*Dataset records*.
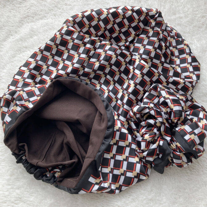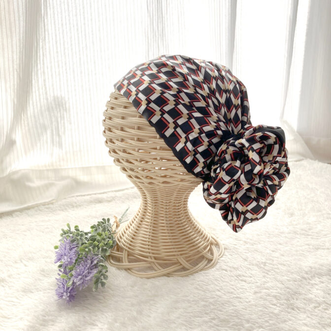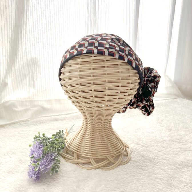 頭全体を包み込むデザインは、スカーフ襟足箇所のゴムギャザーで安定したフィット感◎シュシュを使って纏めリボンを作るので、装着は簡単!早い!キレイに仕上がります。
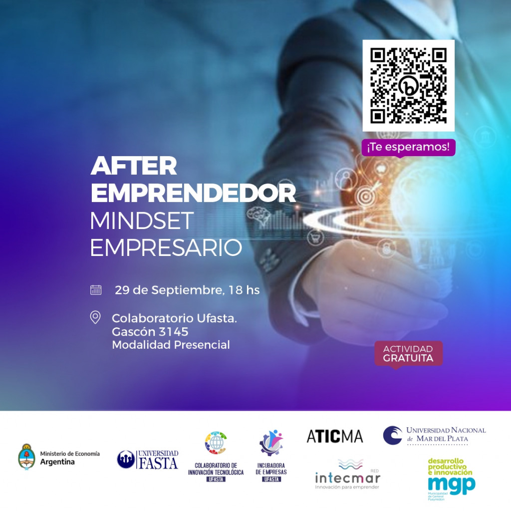 El próximo After Emprendedor se realizará el 29/09 a las 18 hs. en el Colaboratorio de la Universidad FASTA. Será una gran oportunidad para conocer más proyectos, recibir asesorías por parte de profesionales, intercambiar ideas y divertirse con otros emprendedores.
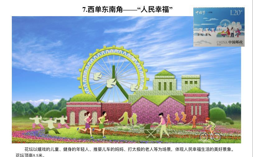 西单东南角打造“人民幸福”主题花坛,花坛顶高9.5米,以嬉戏的儿童、健身的年轻人、推婴儿车的妈妈、打太极拳的老人等为场景,展示全国人民幸福生活的美好景象。
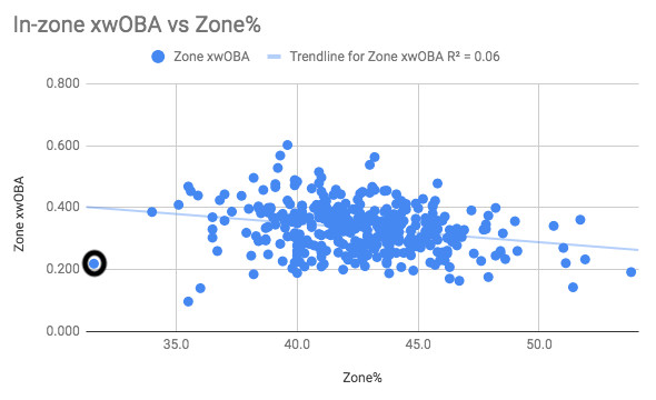 He’s a major outlier when it comes to in-zone xwOBA vs zone percentage, which seems to have a decent correlation (r = .25).
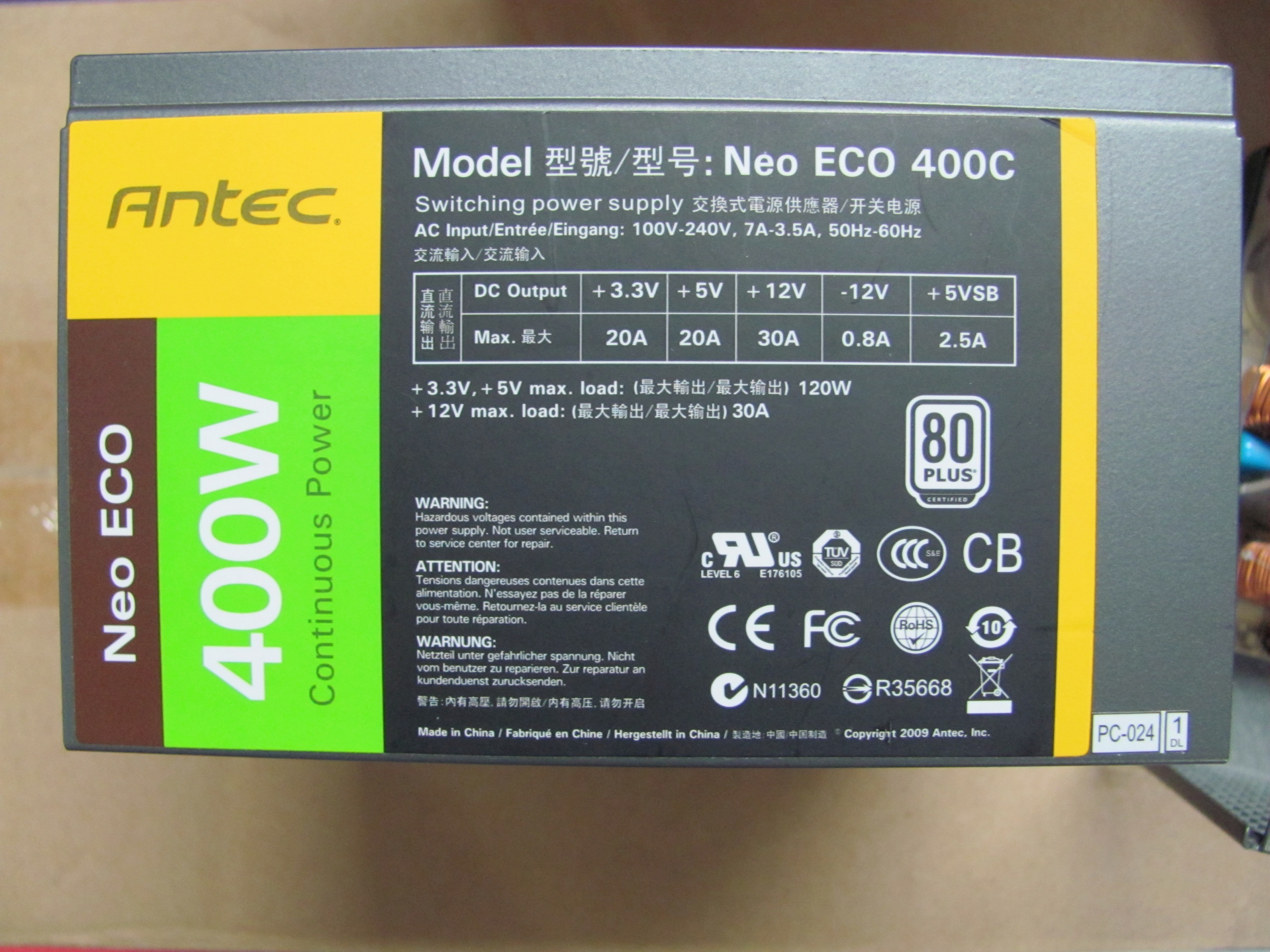 Two pictures of my Antec Neo ECO 400C power supply.
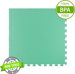 Seguridad, confort y estilo en uno. La alfombrilla HUMBI con un grosor de 1 cm amortigua muy bien las caídas y protege del frío del suelo. El color menta, neutro y discreto, encaja con elegancia en cualquier interior. Las piezas de 60 × 60 cm se unen fácilmente para crear una superficie más grande: ideal para el salón, el dormitorio infantil o la sala de juegos.
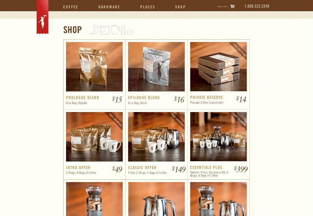 僅僅絲帶采用了深紅色,這是高端大氣的奢侈咖啡網(wǎng)站的配色(這個(gè)咖啡確實(shí)很好喝)。
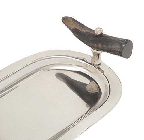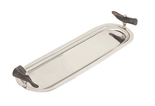 Deco 79 98050 Stunning And Sleek Steel Tray With Horn Handles
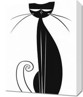 Obraz z serii abstrakcja zatytułowany Czerń Kocicy. Przedstawia minimalistyczną, stylizowaną ilustrację czarnego kota. Postać kota charakteryzuje się wydłużonym, smukłym ciałem z długimi, subtelnymi liniami, które tworzą elegancką i uproszczoną formę. Kot posiada duże, wyraziste oczy i długie wąsy, które dodają mu charakteru, a zakrzywiony ogon w kształcie spirali dodaje dynamiki kompozycji. Całość jest utrzymana w czarno-białej kolorystyce, co nadaje projektowi nowoczesnego i wyrafinowanego wyglądu. Obraz ten idealnie sprawdzi się jako dekoracja w nowoczesnych wnętrzach, wprowadzając element zaskakującej prostoty i elegancji.

*HOW TO COMPLETE THIS TASK*.
Above, find the line with "El próximo After"; copy it and every line down to the line with "Two pictures of", exactly and both included, but no pictures.

*SOLUTION TO THIS PROBLEM*.
 El próximo After Emprendedor se realizará el 29/09 a las 18 hs. en el Colaboratorio de la Universidad FASTA. Será una gran oportunidad para conocer más proyectos, recibir asesorías por parte de profesionales, intercambiar ideas y divertirse con otros emprendedores.
 西单东南角打造“人民幸福”主题花坛,花坛顶高9.5米,以嬉戏的儿童、健身的年轻人、推婴儿车的妈妈、打太极拳的老人等为场景,展示全国人民幸福生活的美好景象。
 He’s a major outlier when it comes to in-zone xwOBA vs zone percentage, which seems to have a decent correlation (r = .25).
 Two pictures of my Antec Neo ECO 400C power supply.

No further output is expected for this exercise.